RECORDS PROVIDED
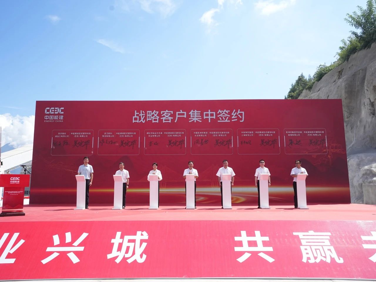 現(xiàn)場,中能建巴東公司與葛洲壩、湖北交投等公司進行簽約。
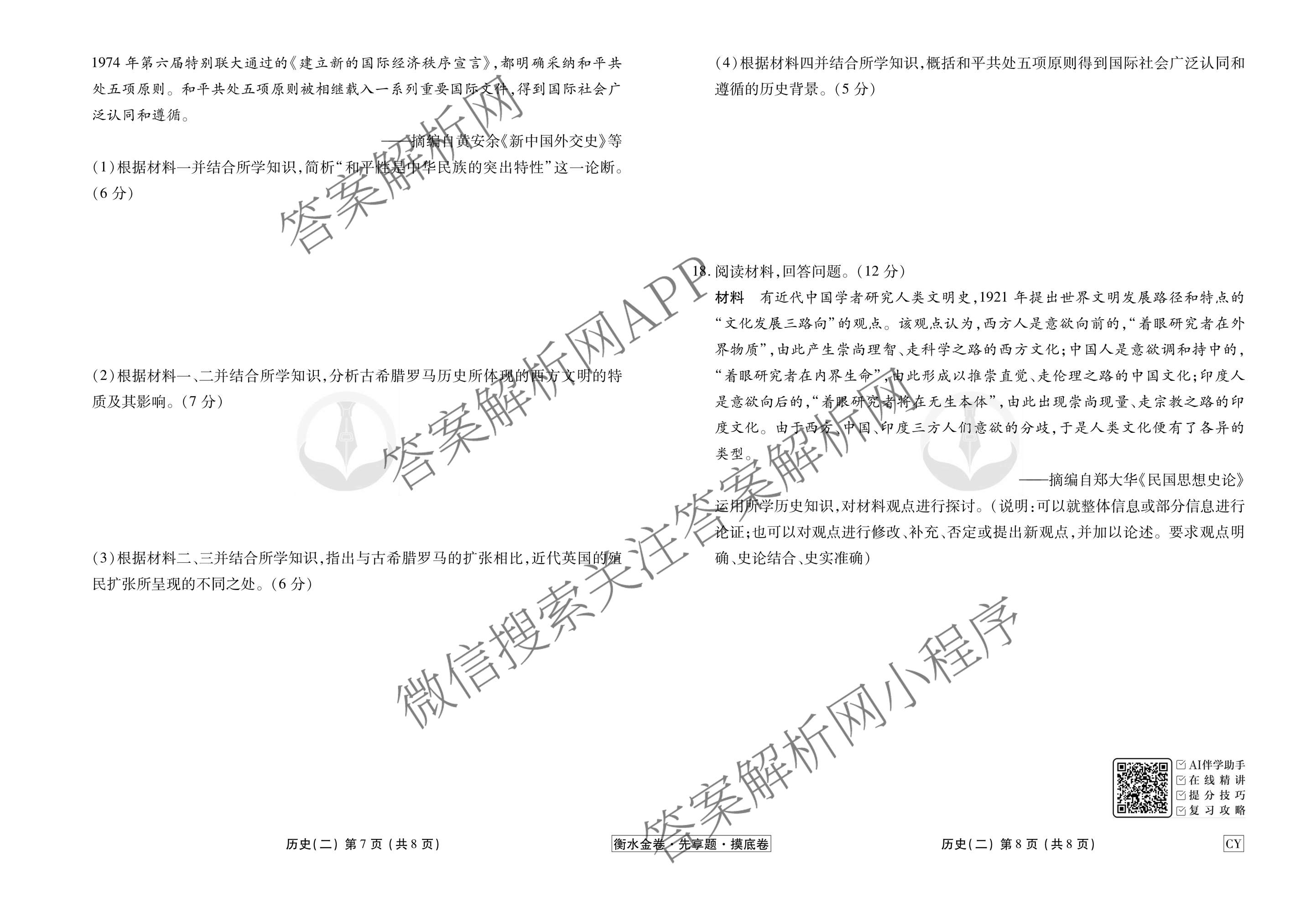 衡水金卷先享题·摸底卷2025-2026学年度高三一轮复习摸底测试卷(二)2历史(CY)试题,目前衡水金卷先享题答案网已经汇总了衡水金卷先享题·摸底卷2025-2026学年度高三一轮复习摸底测试卷(二)2历史(CY)试题的各科答案和试卷,获取更多衡水金卷先享题答案解析,请在关注本站。
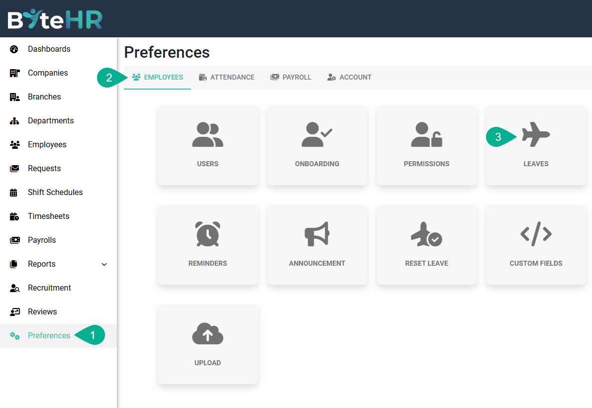 2. คลิกที่แท็บ การตั้งค่าเกี่ยวกับพนักงาน (Employees)
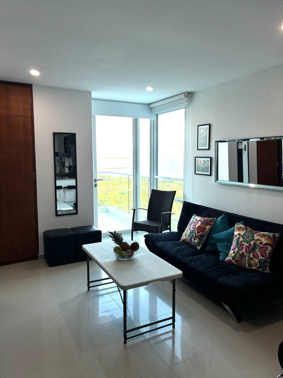 Aparta-Suite im 9. Stock des exklusiven Cartagena Beach Gebäudes, ausgestattet mit allem, was Sie für einen wunderbaren Aufenthalt in Cartagena benötigen. Genieße WLAN, direkten Blick auf die Lagune und den Flughafen und wunderschöne Sonnenuntergänge. Spaziere am Park und am Strand entlang oder trainiere mit Tanz und Aerobic im Linear Park. Umgeben von Geschäften und nur 2 Minuten vom Flughafen Rafael Núñez entfernt. Das Gebäude befindet sich noch im Bau, daher sind die Gemeinschaftsbereiche noch nicht verfügbar.
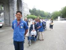 Après le Jamborée, 35 jeunes scouts polynésiens se sont rendus à Lourdes ou ils ont découvert avec beaucoup d'attention le destin de Bernadette Soubirous. Ils se sont portés volontaires pour aider les malades, les menant aux bains, à la prière. "Aider son prochain, faire preuve de solidarité", là encore les jeunes ont mis en pratique les valeurs de fraternité propres au mouvement.
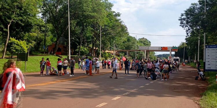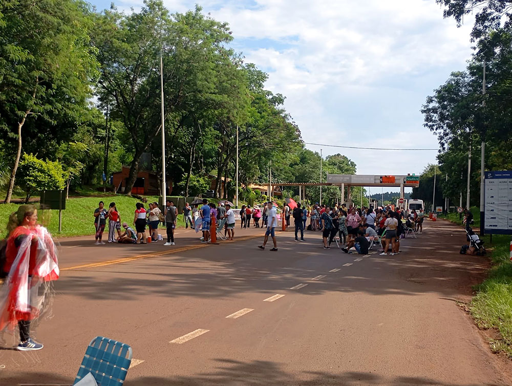 Un grupo de docentes del MPL llevan a cabo este jueves un corte total en la ruta nacional 12, a la altura del Peaje Colonia Victoria, en Eldorado.
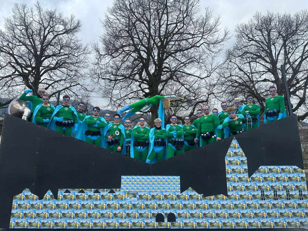 2025 – «Quöllman» Dieses Jahr haben wir uns in die Welt der Superhelden begeben – und wer könnte besser zu uns passen als unser ganz eigener „Quöllman“? Ein Held, der seine übermenschlichen Kräfte natürlich aus dem legendären Quöllfrisch Bier schöpft. Mit muskelbepackten Kostümen, Umhängen und jeder Menge guter Laune haben wir die engen Gassen von Appenzell (un)sicher gemacht. Trotz unserer beeindruckenden Muskelberge mussten wir feststellen: Superkräfte schützen leider nicht vor eisigen Temperaturen! Doch echte Helden lassen sich nicht unterkriegen – und so haben wir gemeinsam eine weitere Fasnacht gefeiert.
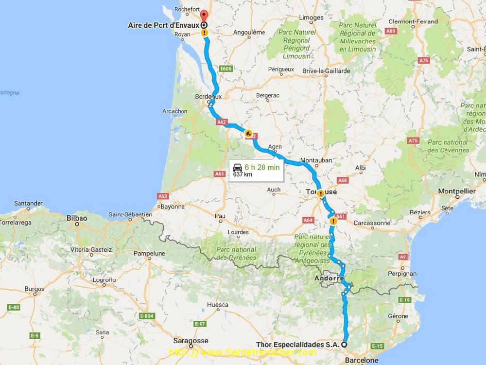 C'est un jour vraiment splendide qui s'annonce, déjà c'est le jour de la paye, et Fevrier, c'est un super mois, dans 28 jours on remet ça ! J'aime l'argent, on m'appelle Penelope07, 8000€/mois à rien foutre, et oui !!! Non seulement ça, mais en plus, il y a une toute petite brumasse ce matin qui veut dire qu'il va faire beau aujourd'hui. Le chef au bureau se confond en excuses, il y avait 3 Duarig hier à cherger ici, en bon 4e j'étais bien prévu ce matin, c'est pas grave de toutes façons. La commande est bien prête, et pendant que ça charge je vais à la pêche aux infos, vu qu'il fait beau je me suis mis en tête de passer par les Pyrenées et Puigcerda, mais en ADR, je sais pas trop comment ça fonctionne.
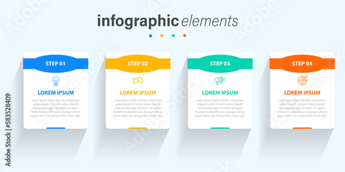 Creative concept for infographic with 4 steps. Four colorful graphic elements. Timeline design for brochure, presentation. Infographic design layout, Concept of business model with 4 successive steps.
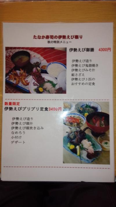 9月から10月伊勢海老祭りをやっていたので行ってみました。伊勢海老は小さめですが甘くて凄く美味しかったです。鬼殻焼き、お刺身、伊勢エビの味噌汁、姫サザエのメニューで4,300円ですが味噌汁も伊勢海老の身が入っているので3匹まるまる使っているので値段の価値は十分にあると思います。3人なので1人はランチの上寿司にしてみましたがお寿司も美味しかったです。お寿司のセットの茶碗蒸しは少し濃いめの味付けですが美味しかったです。
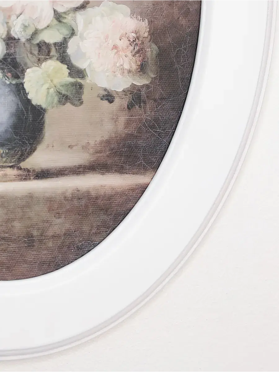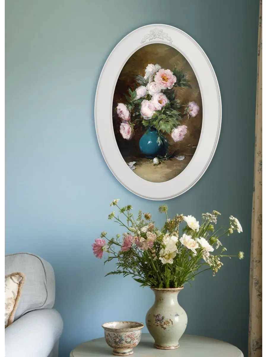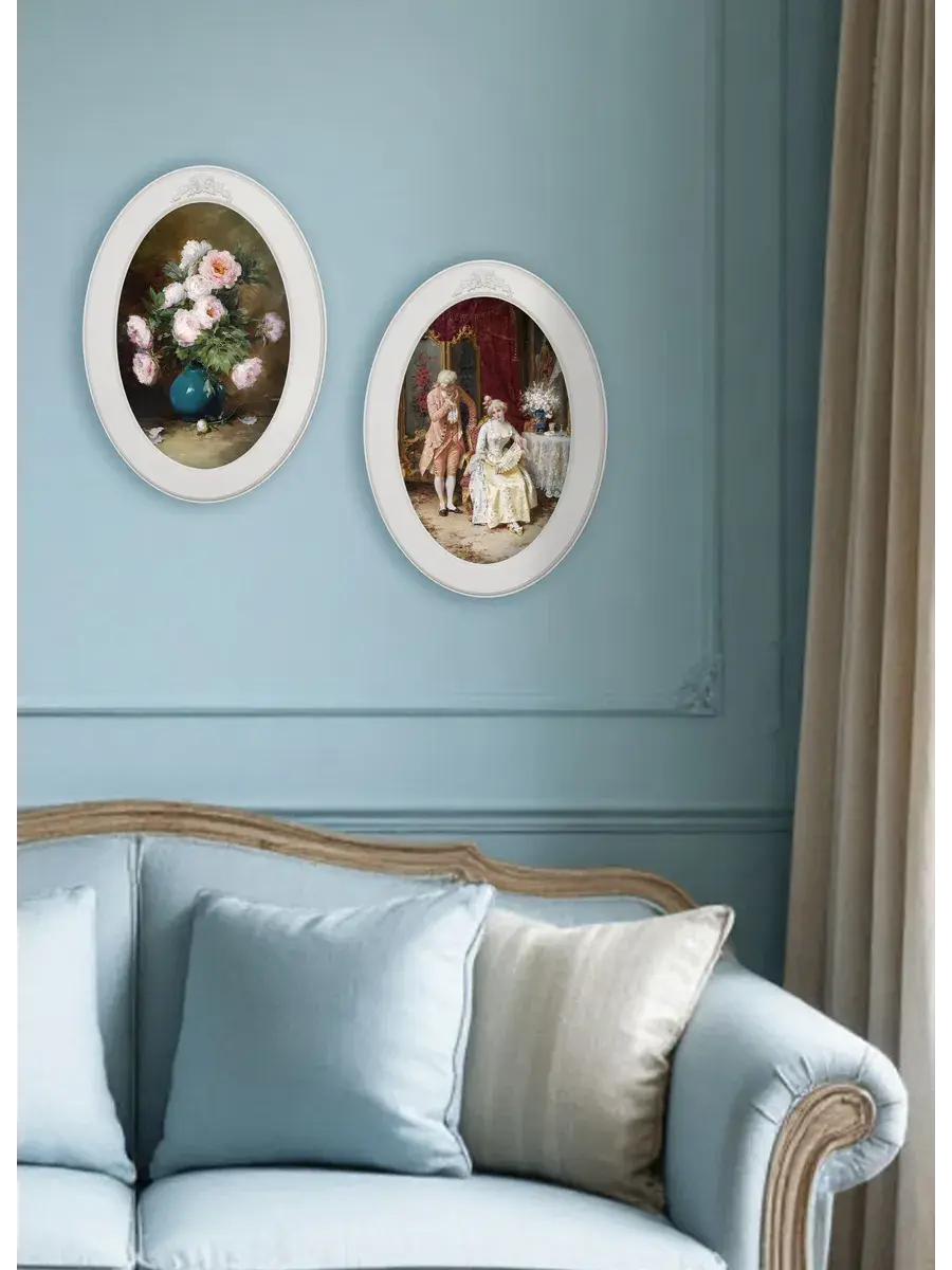 Настенный декор в нежных пастельный тонах. Картина напечатана на натуральном холсте, покрыта матовым лаком, оформлена в овальную белую раму с лепниной.
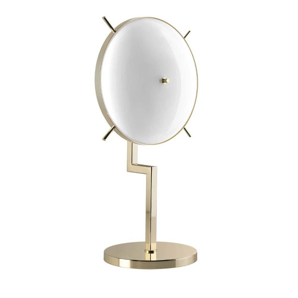 This stunning Venusia Table Lamp which reinterprets Art Deco glamour in a modern and dramatic way. Venusia takes this name from a series of cartoons very popular in the 80s, as with its design is inspired by a UFO but at the same time recalls in the features geometries that bring us back to the Deco design Districts of Miami developed between 1920/30.The 24 ct gld plated brass structure serves as mounting for the stunning mouth-blown Murano glass diffuser, holding two lights and embellished outside with four brass spikes.
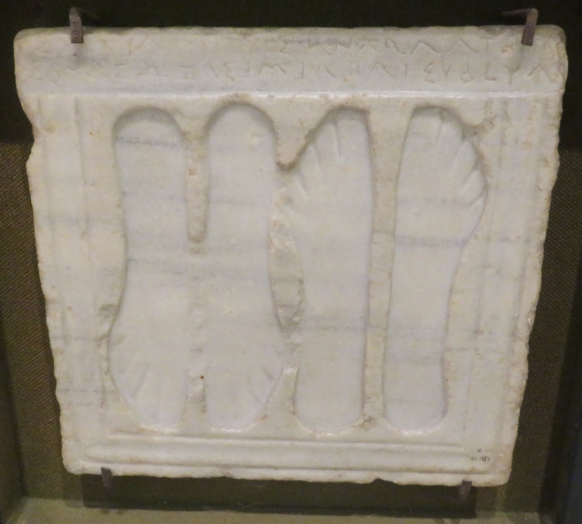 Not oops-stepped-on-a-wet-tile footprints but deliberately carved-into-marble outlines of feet. Some with toenails, some with sandal straps, some very slender, and some facing opposite another pair of feet.
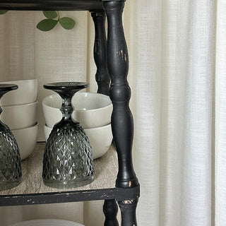 Imagine an old country cottage, nestled deep in the woods, where every piece of furniture tells a story. This 3 Tiered Distressed Black Spindle Shelf seems like it was plucked right out of that cozy retreat. With its weathered finish and spindle legs, it evokes memories of cherished heirlooms passed down through generations, adding a sense of rustic farmhouse charm to any room.
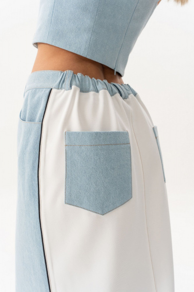 Юбка прямого силуэта из джинса и плотного трикотажного полотн, зауженная к низу на притачном поясе на резинке. По переду -разрез,с накладными карманами по заднему полотнищу юбки, декоративной нашивкой и декоративным кантом по боковому шву. В дополнении к юбке-пояс с декоративной пряжкой. длина-90 см

WHAT THIS TASK INVOLVES
No picture is to be included when the lines from the one containing "Creative concept for" through the end of the material above are output exactly; nothing else is written.

EXERCISE RESPONSE
 Creative concept for infographic with 4 steps. Four colorful graphic elements. Timeline design for brochure, presentation. Infographic design layout, Concept of business model with 4 successive steps.
 9月から10月伊勢海老祭りをやっていたので行ってみました。伊勢海老は小さめですが甘くて凄く美味しかったです。鬼殻焼き、お刺身、伊勢エビの味噌汁、姫サザエのメニューで4,300円ですが味噌汁も伊勢海老の身が入っているので3匹まるまる使っているので値段の価値は十分にあると思います。3人なので1人はランチの上寿司にしてみましたがお寿司も美味しかったです。お寿司のセットの茶碗蒸しは少し濃いめの味付けですが美味しかったです。
 Настенный декор в нежных пастельный тонах. Картина напечатана на натуральном холсте, покрыта матовым лаком, оформлена в овальную белую раму с лепниной.
 This stunning Venusia Table Lamp which reinterprets Art Deco glamour in a modern and dramatic way. Venusia takes this name from a series of cartoons very popular in the 80s, as with its design is inspired by a UFO but at the same time recalls in the features geometries that bring us back to the Deco design Districts of Miami developed between 1920/30.The 24 ct gld plated brass structure serves as mounting for the stunning mouth-blown Murano glass diffuser, holding two lights and embellished outside with four brass spikes.
 Not oops-stepped-on-a-wet-tile footprints but deliberately carved-into-marble outlines of feet. Some with toenails, some with sandal straps, some very slender, and some facing opposite another pair of feet.
 Imagine an old country cottage, nestled deep in the woods, where every piece of furniture tells a story. This 3 Tiered Distressed Black Spindle Shelf seems like it was plucked right out of that cozy retreat. With its weathered finish and spindle legs, it evokes memories of cherished heirlooms passed down through generations, adding a sense of rustic farmhouse charm to any room.
 Юбка прямого силуэта из джинса и плотного трикотажного полотн, зауженная к низу на притачном поясе на резинке. По переду -разрез,с накладными карманами по заднему полотнищу юбки, декоративной нашивкой и декоративным кантом по боковому шву. В дополнении к юбке-пояс с декоративной пряжкой. длина-90 см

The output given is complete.